Пристанищем серой Эли оказалась груда камней, образовавшая что-то вроде небольшой пещеры. У входа лежала присыпанная лапником туша косули.
Селена отвела Майлу в сторонку и привязала к молодой сосенке. Это дерево было выбрано неслучайно – прямо за ним начинались густые заросли орешника, так что лошадь без труда могла дотянуться до его поблёкших листочков.
– Угощайся, – кивнула Зебу мидава. – Косуля ещё свеженькая. Не парная, но вполне съедобная.
Гость остановился в замешательстве:
– Я…. Мне….
– Не любишь косулю? – удивилась Эли. – Странно. Я думала, её все любят.
Мидав насупился, и Селена пришла на выручку:
– Зебу никогда не ел сырого мяса.
– Сырого мяса?! – Эли зажмурилась и замотала головой, словно пытаясь выбросить оттуда нелепую мысль. – Мидавы не могут питаться травой! Мы не коровы и не лошади!
– Я не ем траву, – обиделся Зебу. – Я ем окорок, сыр, лепёшки…
Мидава улеглась, вытянув лапы вперёд. Когда так делал Зебу, это означало, что он возмущён или расстроен.

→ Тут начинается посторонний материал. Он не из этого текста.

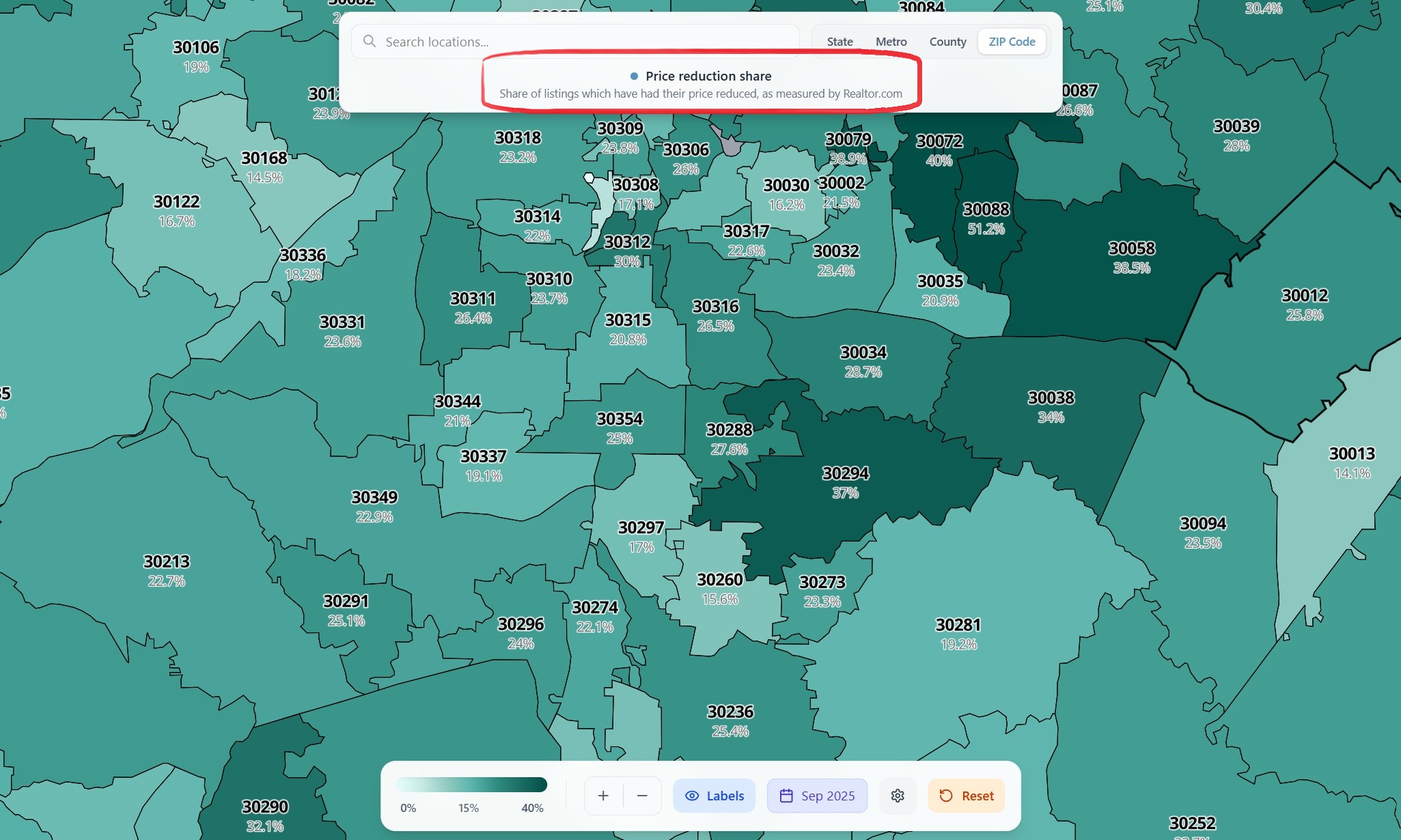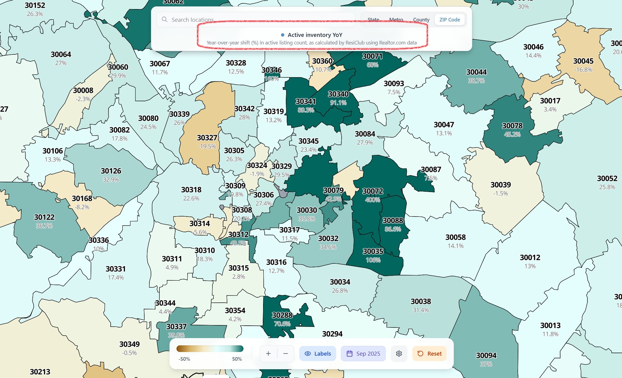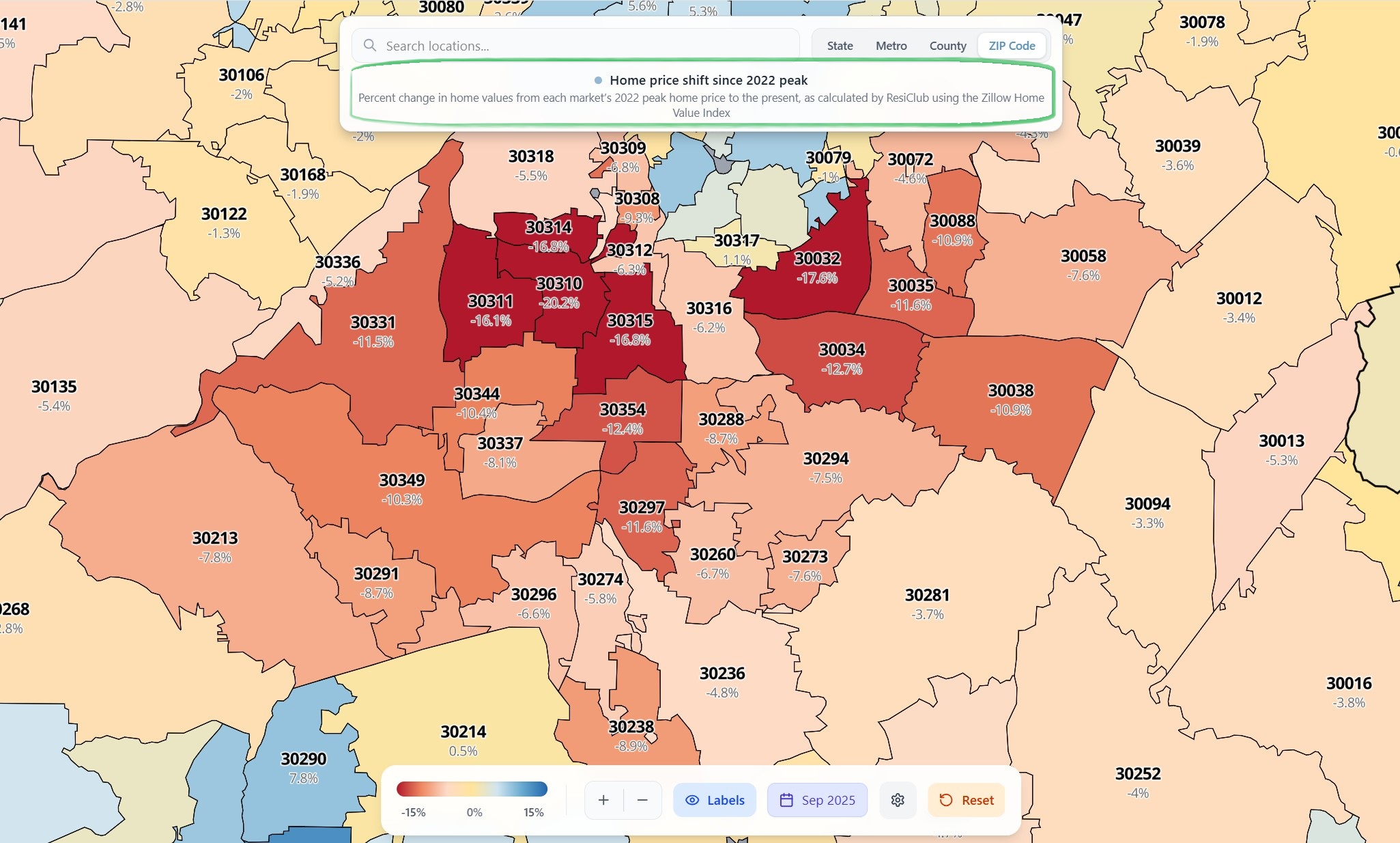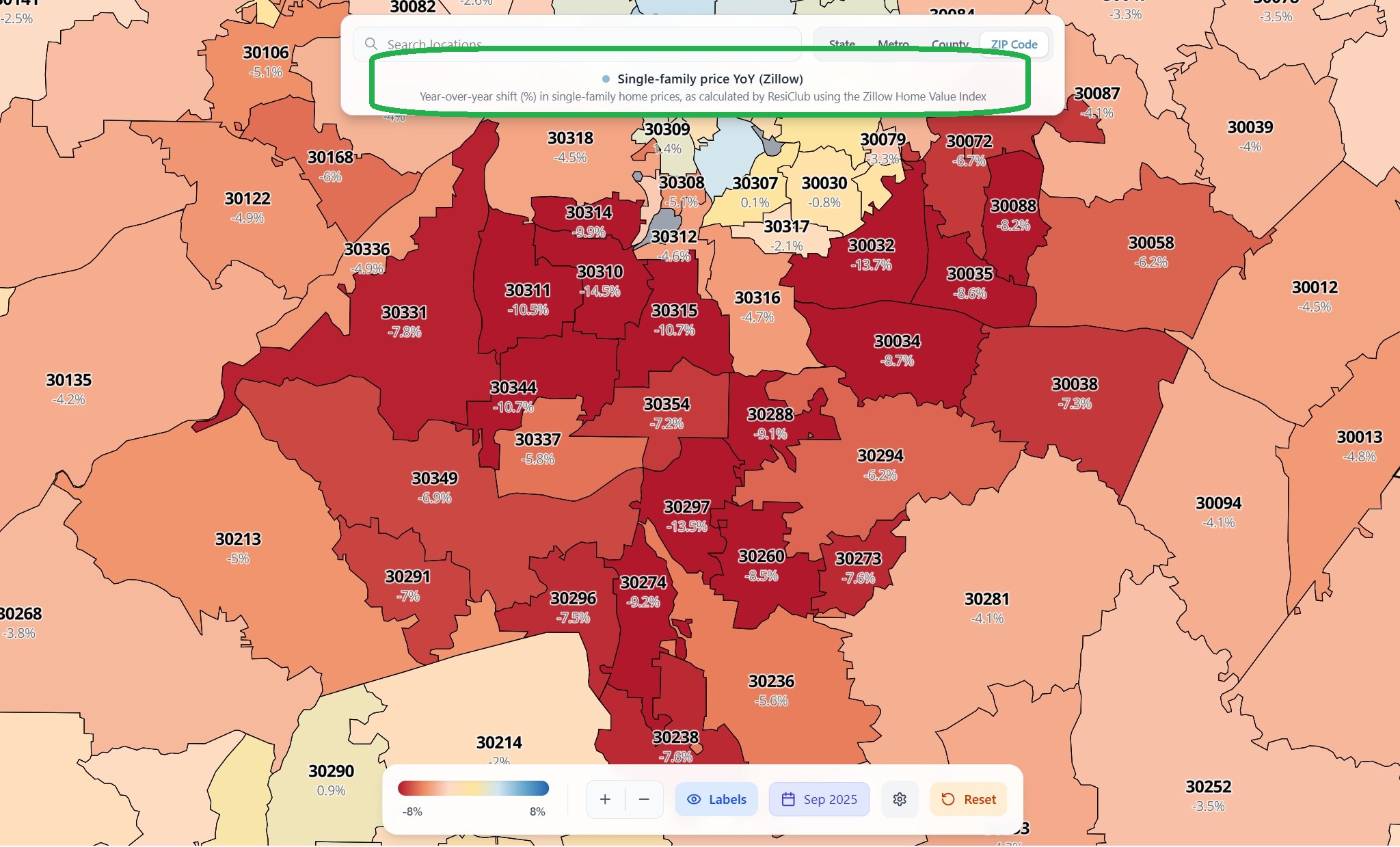 Atlanta Home Prices YOY (Sept '24 - Sept '25)

– Значит, окорок? – прищурилась Эли. – Где же ты берёшь готовый окорок, Зебу Зегда?
– Ну, – задумался мидав, – думаю, его приносит отец.

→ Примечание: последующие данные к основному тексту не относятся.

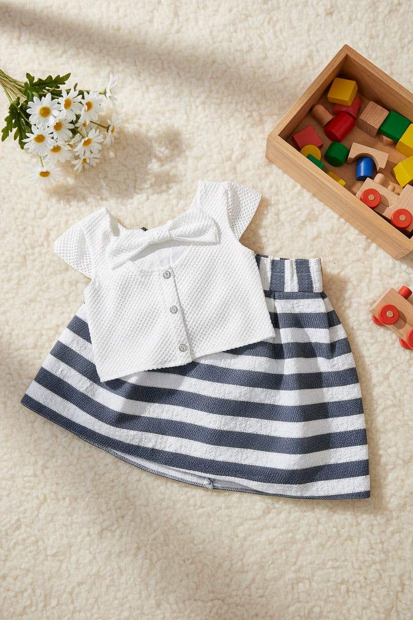 Cet ensemble fille style marin associe élégance et confort pour un look plein de charme et de légèreté.
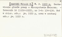 W. P. [PARYSKI Witold H.] 1933 o Zestawienie głosów prasy o Mieczysławie Świerzu.
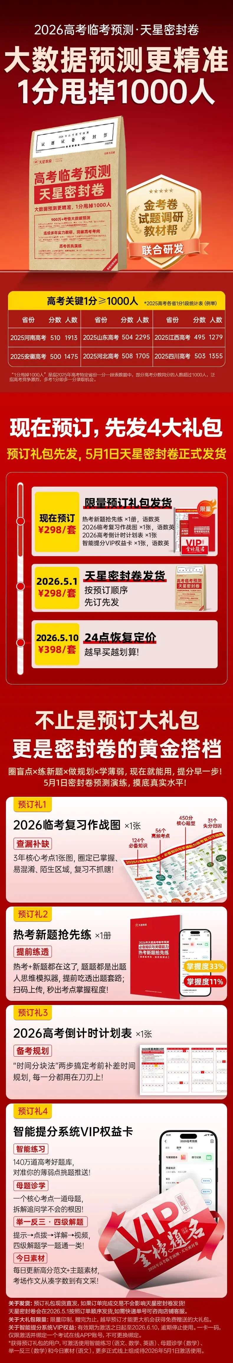 🎯【2026高考临考预测天星密封卷!重磅来袭!】
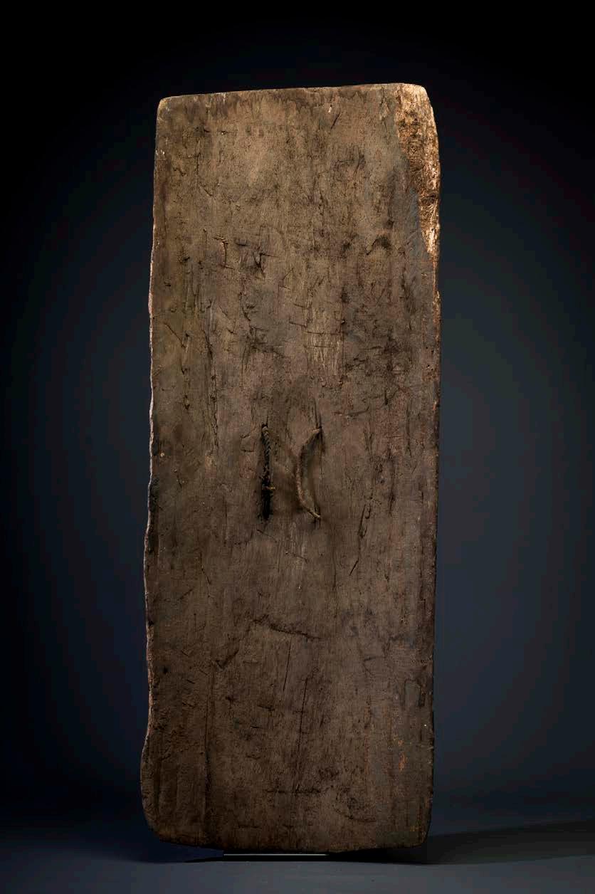 This ancient shield is pre-contact and has more than a dozen arrow points, or arrow holes, from generations of tribal fighting. The size and proportions suggest it originated in the western regions of the Wahgi Valley where shields were typically smaller than those produced in the larger, wider valley systems of the central and eastern Wahgi Valley. It has the slight curve almost always found on these old shields. Two holes at the top were for a feather decoration secured by the warrior before warfare. In the central area are four small holes used to secure the carrying sling with cane binding through the shield.

– Отец? – переспросила Эли, о чём-то задумавшись. – То есть, ты даже не знаешь наверняка, откуда берётся твоя еда?!
Порывшись в сумке, Селена примирительно сообщила:
– У меня есть немного сушёной краснопёрки и сырная лепёшка. Хотите?
Однако предотвратить ссору не удалось.
– Зачем мне это знать? – с вызовом ответил Зебу и тоже опустился на лапы.
– Если ты не знаешь, откуда берётся твоя еда, то рано или поздно останешься без неё! – заявила Эли.
– В Туфе не водятся косули!
Эли презрительно оскалилась:
– В твоём Туфе и вороны-то вряд ли водятся! Мидаву там ловить нечего!
Усевшись на кочку, Селена принялась грызть краснопёрку. Солнце спустилось ниже, и крапчатый моховой ковёр сделался полосатым от теней. Скоро станет совсем темно, значит, придётся ночевать прямо здесь, в лесу и в Гарцов они попадут лишь завтра. Скверно.
Мидавы тем временем продолжали препираться.
– Туф ей не угодил! – проворчал Зебу. – Сама-то ты где живёшь? В каком городе?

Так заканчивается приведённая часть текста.